Statistics as a form of modeling
Statistics is about collecting, organizing, analyzing, and interpreting data, and hence statistical knowledge is essential for data analysis. Another useful skill when analyzing data is knowing how to write code in a programming language such as Python. Manipulating data is usually necessary given that we live in a messy world with even messier data, and coding helps to get things done. Even if your data is clean and tidy, programming will still be very useful since modern Bayesian statistics is mostly computational statistics.
Most introductory statistical courses, at least for non-statisticians, are taught as a collection of recipes that more or less go like this; go to the the statistical pantry, pick one can and open it, add data to taste and stir until obtaining a consistent p-value, preferably under 0.05 (if you don't know what a p-value is, don't worry; we will not use them in this book). The main goal in this type of course is to teach you how to pick the proper can. We will take a different approach: we will also learn some recipes, but this will be home-made rather than canned food; we will learn how to mix fresh ingredients that will suit different gastronomic occasions. But before we can cook, we must learn some statistical vocabulary and also some concepts.
Exploratory data analysis
Data is an essential ingredient of statistics. Data comes from several sources, such as experiments, computer simulations, surveys, field observations, and so on. If we are the ones that will be generating or gathering the data, it is always a good idea to first think carefully about the questions we want to answer and which methods we will use, and only then proceed to get the data. In fact, there is a whole branch of statistics dealing with data collection known as experimental design. In the era of data deluge, we can sometimes forget that gathering data is not always cheap. For example, while it is true that the Large Hadron Collider (LHC) produces hundreds of terabytes a day, its construction took years of manual and intellectual effort. In this book we will assume that we already have collected the data and also that the data is clean and tidy, something rarely true in the real world. We will make these assumptions in order to focus on the subject of this book. If you want to learn how to use Python for cleaning and manipulating data and also a primer on machine learning, you should probably read the book Python Data Science Handbook by Jake VanderPlas.
OK, so let's assume we have our dataset; usually, a good idea is to explore and visualize it in order to get some intuition about what we have in our hands.

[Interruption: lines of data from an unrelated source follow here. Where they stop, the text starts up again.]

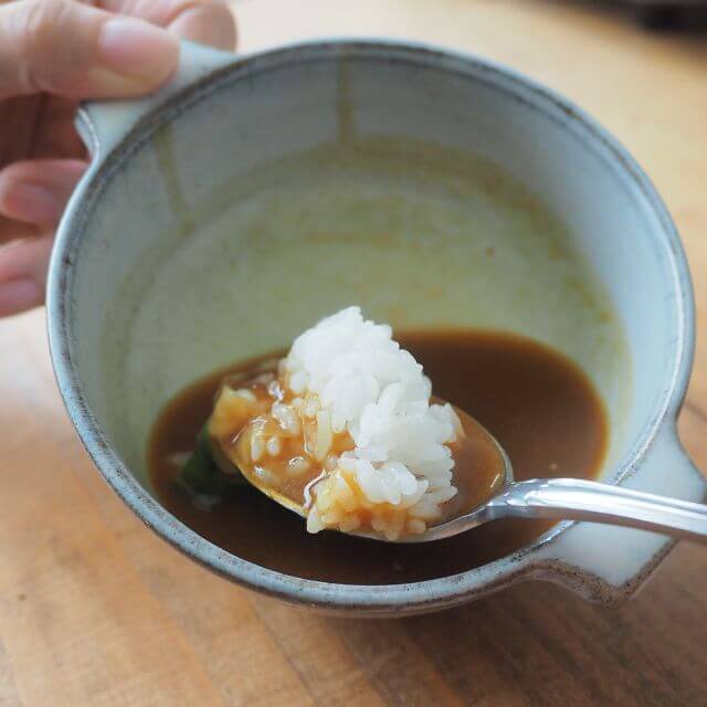 残ったスープにカレールウを溶いて『えび旨カレー』としてお楽しみいただけます。
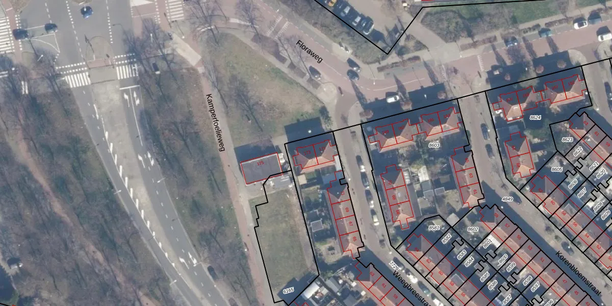 Floraweg 173 is gelegen op kadastraal perceel ASD07K6166. Deze kadastrale aanduiding is uniek en wordt gebruikt door het Kadaster om eigendomsrechten en andere zakelijke rechten vast te leggen. Het perceel maakt onderdeel uit van de kadastrale gemeente Amsterdam.
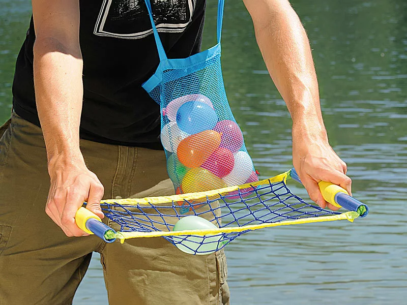Der Wasserbomben-Nervenkitzel für Unerschrockene und gleichzeitig ein lustiges Strandspiel für die ganze Familie. Die 2 Netze dienen als Fang-Hilfe und Schleuder in einem.
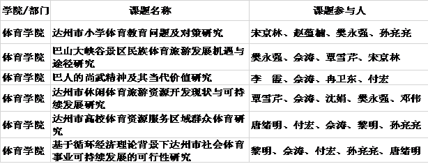 2020421日,达州市社科联办公室下发文件《达州市社会科学研究十三五规划2020年度课题立项通报》(达市社科〔20209号)。据悉,我院各科研团队荣获6项课题立项。

This can be achieved through what is known as Exploratory Data Analysis (EDA), which basically consists of the following:
- Descriptive statistics
- Data visualization
The first one, descriptive statistics, is about how to use some measures (or statistics) to summarize or characterize the data in a quantitative manner. You probably already know that you can describe data using the mean, mode, standard deviation, interquartile ranges, and so forth. The second one, data visualization, is about visually inspecting the data; you probably are familiar with representations such as histograms, scatter plots, and others. While EDA was originally thought of as something you apply to data before doing any complex analysis or even as an alternative to complex model-based analysis, through the book we will learn that EDA is also applicable to understanding, interpreting, checking, summarizing, and communicating the results of Bayesian analysis.
Inferential statistics
Sometimes, plotting our data and computing simple numbers, such as the average of our data, is all we need. Other times, we want to make a generalization based on our data. We may want to understand the underlying mechanism that could have generated the data, or maybe we want to make predictions for future (yet unobserved) data points, or we need to choose among several competing explanations for the same observations. That's the job of inferential statistics. To do inferential statistics we will rely on probabilistic models. There are many types of models and most of science, and I will add all of our understanding of the real world, is through models. The brain is just a machine that models reality (whatever reality might be) see this TED talk about the machine that builds the reality http://www.tedxriodelaplata.org/videos/m%C3%A1quina-construye-realidad.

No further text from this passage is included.